A word-for-word copy of the entries, with the images left out, is what you should write.

* DATASET RECORDS:

▬▬▬▬▬▬▬▬▬▬

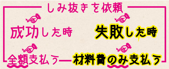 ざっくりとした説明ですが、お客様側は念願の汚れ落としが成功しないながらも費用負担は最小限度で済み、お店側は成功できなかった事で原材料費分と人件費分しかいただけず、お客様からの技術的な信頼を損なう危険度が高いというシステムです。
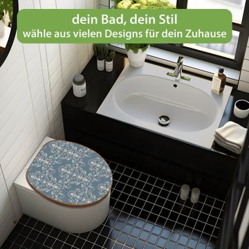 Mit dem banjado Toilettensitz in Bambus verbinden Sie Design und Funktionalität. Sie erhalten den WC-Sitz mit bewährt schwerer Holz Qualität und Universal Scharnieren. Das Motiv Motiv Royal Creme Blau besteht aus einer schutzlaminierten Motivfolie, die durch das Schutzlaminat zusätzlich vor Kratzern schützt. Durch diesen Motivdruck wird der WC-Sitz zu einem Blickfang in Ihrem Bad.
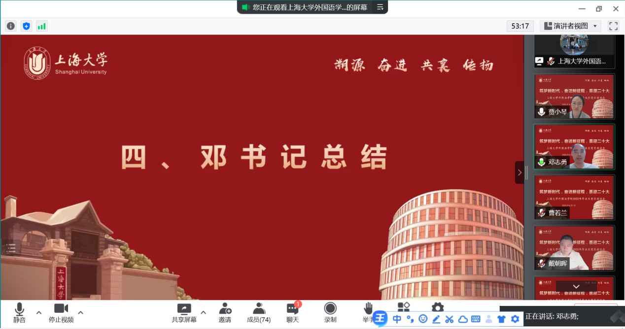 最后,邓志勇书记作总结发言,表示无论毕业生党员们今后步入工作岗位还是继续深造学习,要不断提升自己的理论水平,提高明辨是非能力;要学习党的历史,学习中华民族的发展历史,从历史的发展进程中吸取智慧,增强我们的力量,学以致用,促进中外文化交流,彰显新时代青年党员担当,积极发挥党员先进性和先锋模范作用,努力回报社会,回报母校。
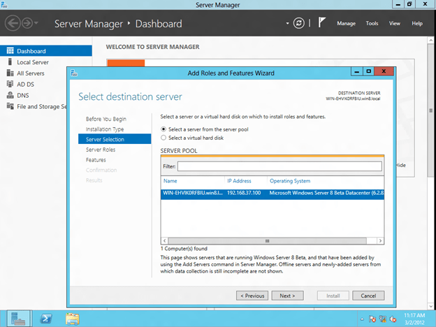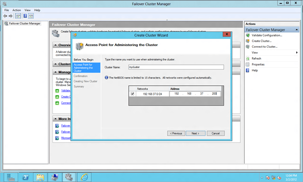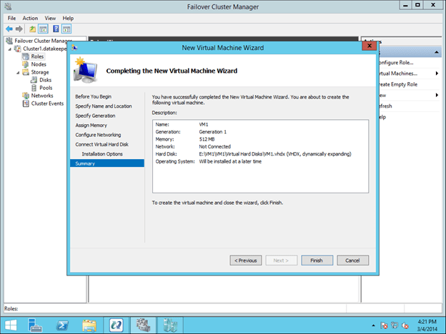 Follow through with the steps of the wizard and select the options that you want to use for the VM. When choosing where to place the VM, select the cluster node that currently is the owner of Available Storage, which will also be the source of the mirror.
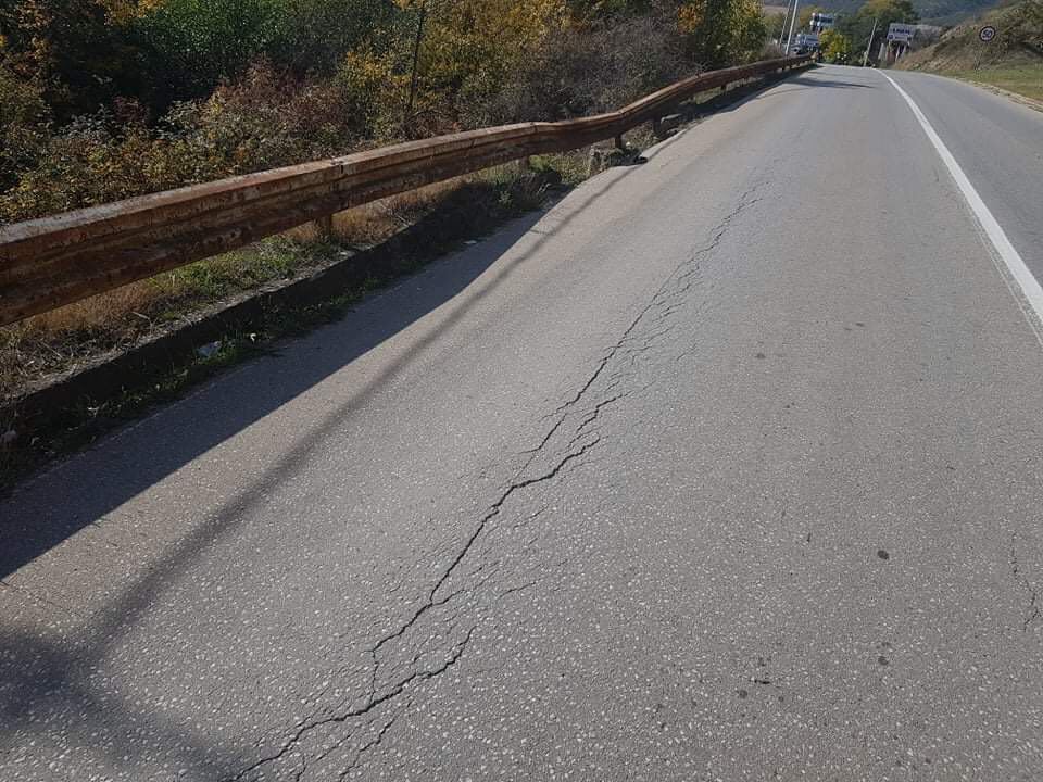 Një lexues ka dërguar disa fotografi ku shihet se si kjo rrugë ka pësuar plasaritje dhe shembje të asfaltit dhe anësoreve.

▬▬▬▬▬▬▬▬▬▬

* THE ANSWER:
 ざっくりとした説明ですが、お客様側は念願の汚れ落としが成功しないながらも費用負担は最小限度で済み、お店側は成功できなかった事で原材料費分と人件費分しかいただけず、お客様からの技術的な信頼を損なう危険度が高いというシステムです。
 Mit dem banjado Toilettensitz in Bambus verbinden Sie Design und Funktionalität. Sie erhalten den WC-Sitz mit bewährt schwerer Holz Qualität und Universal Scharnieren. Das Motiv Motiv Royal Creme Blau besteht aus einer schutzlaminierten Motivfolie, die durch das Schutzlaminat zusätzlich vor Kratzern schützt. Durch diesen Motivdruck wird der WC-Sitz zu einem Blickfang in Ihrem Bad.
 最后,邓志勇书记作总结发言,表示无论毕业生党员们今后步入工作岗位还是继续深造学习,要不断提升自己的理论水平,提高明辨是非能力;要学习党的历史,学习中华民族的发展历史,从历史的发展进程中吸取智慧,增强我们的力量,学以致用,促进中外文化交流,彰显新时代青年党员担当,积极发挥党员先进性和先锋模范作用,努力回报社会,回报母校。
 Follow through with the steps of the wizard and select the options that you want to use for the VM. When choosing where to place the VM, select the cluster node that currently is the owner of Available Storage, which will also be the source of the mirror.
 Një lexues ka dërguar disa fotografi ku shihet se si kjo rrugë ka pësuar plasaritje dhe shembje të asfaltit dhe anësoreve.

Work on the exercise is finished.